4, confirm the merger and acquisition, clear mergers and acquisitions and details: the choice of mergers and acquisitions and the corresponding details of the confirmation, the impact on the cost of mergers and acquisitions is also great. With the continuous enhancement of the ability of our country's enterprises, even though they are regarded as mergers and acquisitions, there will be more initiative and right to speak in mergers and acquisitions. Therefore, Chinese enterprises must make full use of such advantages, occupy a more favorable position, and reduce the cost of mergers and acquisitions. At this stage, the main risks are the cost risks faced during the merger and acquisition process, the operational risks during the implementation process, and so on.

5. Signing the M&A contract: After the M & A parties have passed the M & A resolution within the company, they authorized the relevant personnel to formally sign the M&A contract. After the signing of the contract, the relevant provisions formally came into effect, the business transaction of the merger and acquisition was completed, and the transaction was protected by relevant laws and entered the implementation stage. At this stage, the main risk is the internal approval risk of M&A parties. The successful completion of this phase requires M&A plans to receive support and recognition from each of the internal groups.

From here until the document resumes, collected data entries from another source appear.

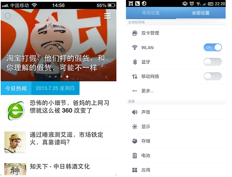 iOS和Android的区别,想了很久,也没想出特别多,这两个系统有些东西越来越通用(设计上来说),尤其是Android上,可以实现所有的效果,当然有些看上去iOS很像。长得和iOS很像的Android应用很多,好多大牌也这么做,比如说现在的QQAndroid5.1.1。这样只需要一套设计,出一套资源就OK了,比较高效节约。两个平台的使用体验比较统一,但我还是喜欢有各系统设计本来特色的设计,安卓感觉的应用,wp感觉的应用。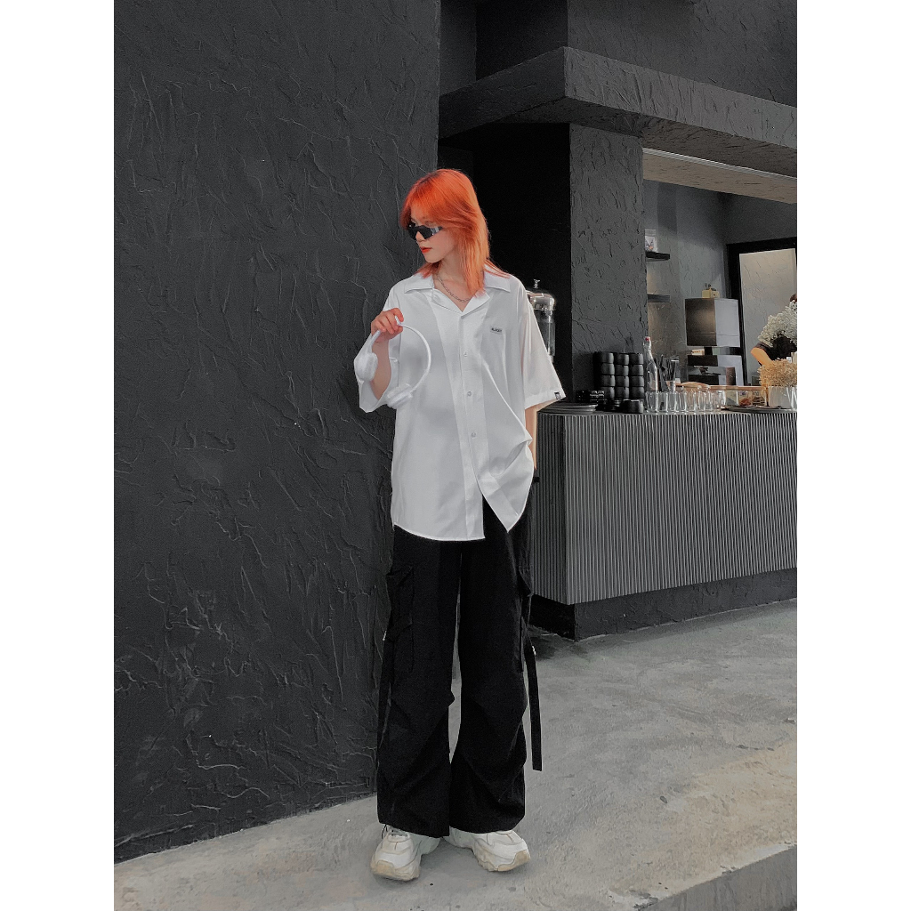 Áo sơ mi unisex cổ vest 16801 4Lucky - form rộng ngắn tay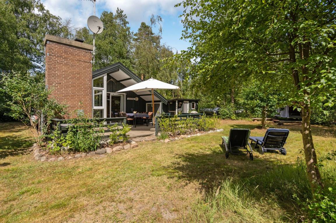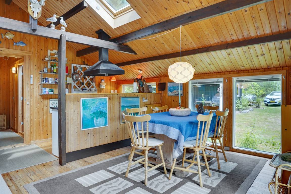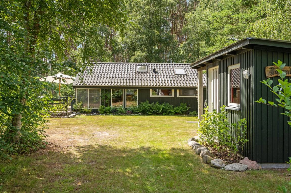 Gemütliches und charmantes Ferienhaus in einem schönen Urlaubsgebiet – nur etwa 200 m vom Wasser und vom hervorragenden und kinderfreundlichen Sandstrand entfernt. Vollkommen ungestörte Lage auf einem tollen Naturgrundstück, das von hohen Bäumen umgeben ist. Schöne überdachte Terrasse, von der aus man die Stille und die herrliche Umgebung genießen kann. Die Innenräume des Hauses sind – in Anbetracht ihres Alters – in einem guten Zustand und haben eine Raumaufteilung, die sich gut für eine Familie eignet.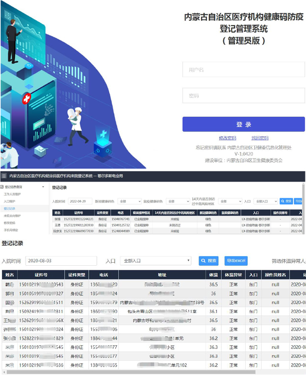 4、对接开发内蒙防疫平台场所卡口系统,设备支持在核验软件前端查看当日核验人数,查验人员记录与内蒙防疫平台场所码互联互通,实时同步数据到内蒙卫健委防疫平台和防控登记平台。可追溯可流调,卡口管理精准有效;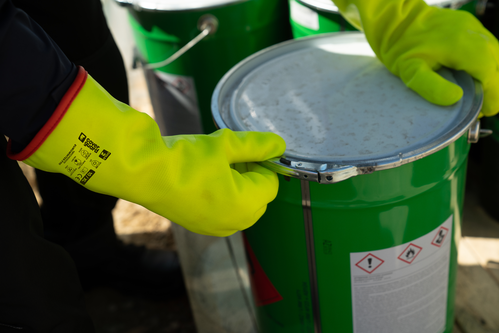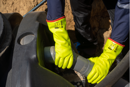 Végig mártva sárga PVC-vel és a tenyerén csúszásbiztos szemcsés bevonat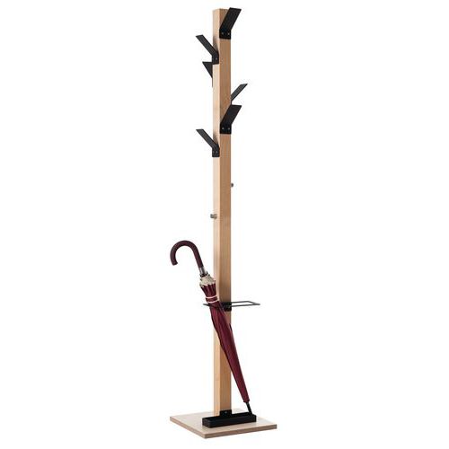 Fût en hêtre massif vernis, patères, porte-parapluie et coupelle colorés.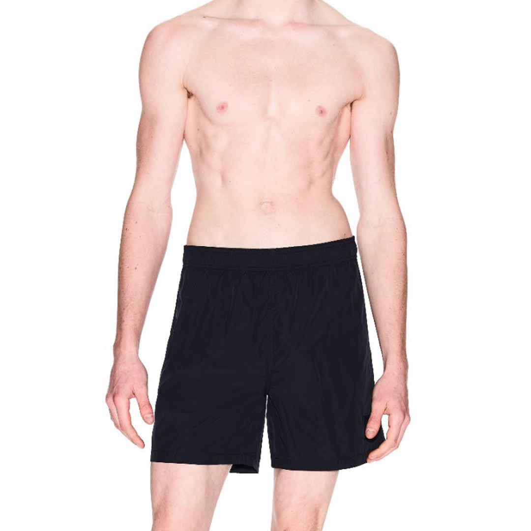 Costume modello boxer realizzato in tessuto resistente con elastico in vita e logo tono su tono.
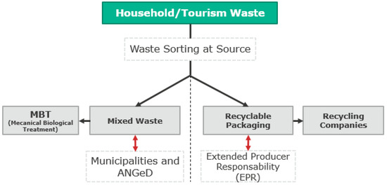 In cases of mixed solid waste generation in tourism destinations (households, hotels, and so on), the municipality is responsible for collection and transportation. In rare cases where the waste generator sorts their waste, two types of solid waste are eliminated: residual waste (collected by the municipality) and recyclable waste such as paper, cardboard, plastics, metals, and glass (collected by private companies or informal collectors).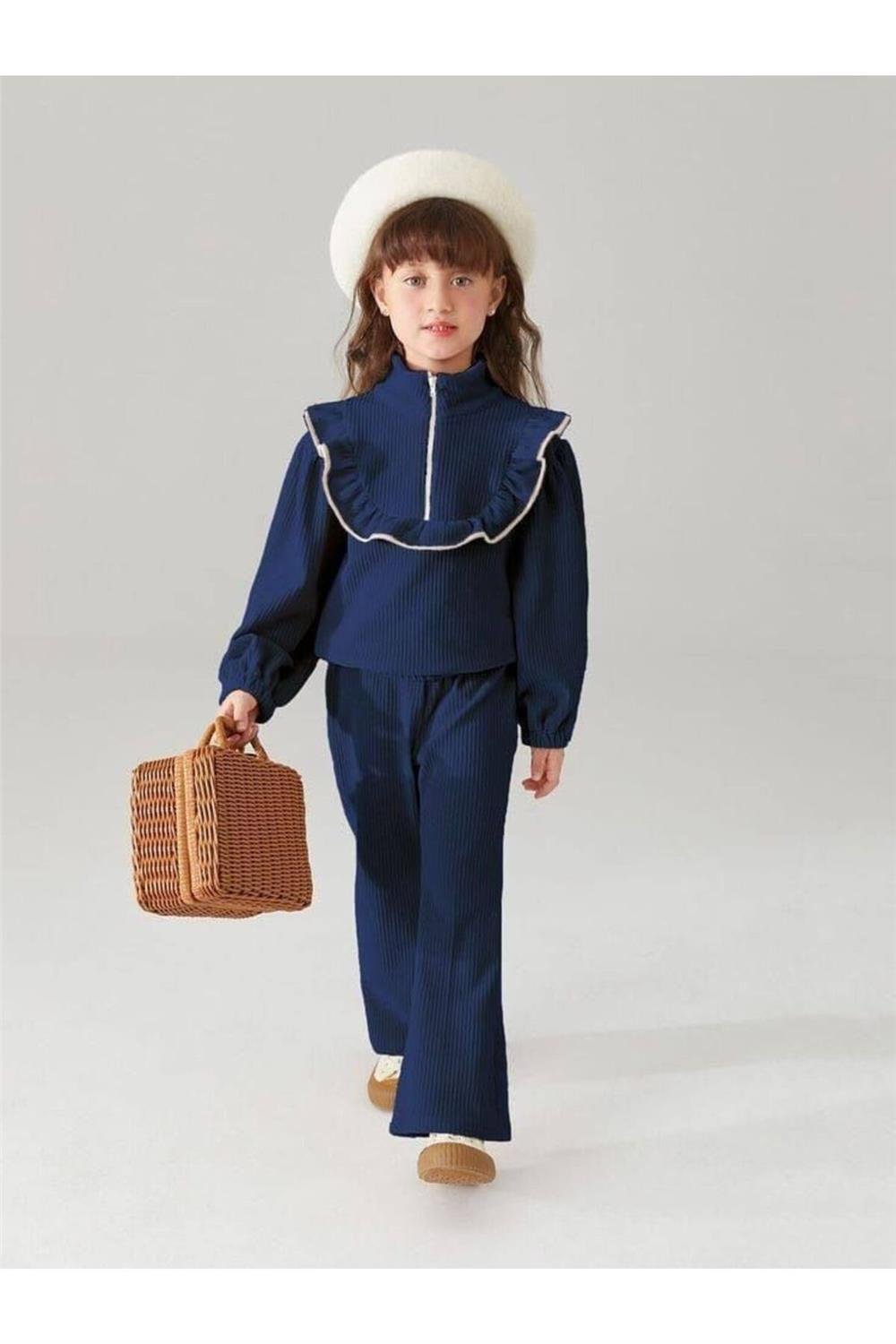 Kız çocukları için tasarlanmış olan bu şık takım, zarif detayları ve modern kesimi ile dikkat çekmektedir. Dik yaka ve fermuar detayları, hem estetik bir görünüm sunmakta hem de kullanım kolaylığı sağlamaktadır. Omuzdan fırfır detayları, takıma hareket katarken, genç kızların stiline zarif bir dokunuş ekler.

6. Approval by the regulatory authorities: Although the security industry is not an industry with strict restrictions on foreign mergers and acquisitions by the state, it still needs to be implemented in accordance with the relevant provisions of the "Regulations on Acquisition of Domestic Enterprises by Foreign Investors". In the process of changing an enterprise into a foreign-invested enterprise, it is subject to the approval of the relevant department. At this stage, the main risks are related policy risks and approval risks.

7. Follow-up mergers and acquisitions integration: Low prices are not just low prices for mergers and acquisitions, but also mean that the subsequent integration costs are low. If there is a lack of complementarity and there are conflicts in which certain aspects are difficult to integrate, the subsequent costs will greatly increase the actual costs of mergers and acquisitions. Perhaps when we go dozens of rounds at the negotiating table, the meticulous care brought about by mergers and acquisitions may only be eroded by the chaos in the integration process within a few days. In this process, the main risks are the risk of cultural integration in the integration process, the risk of the entire staff, the risk of management conflicts and so on.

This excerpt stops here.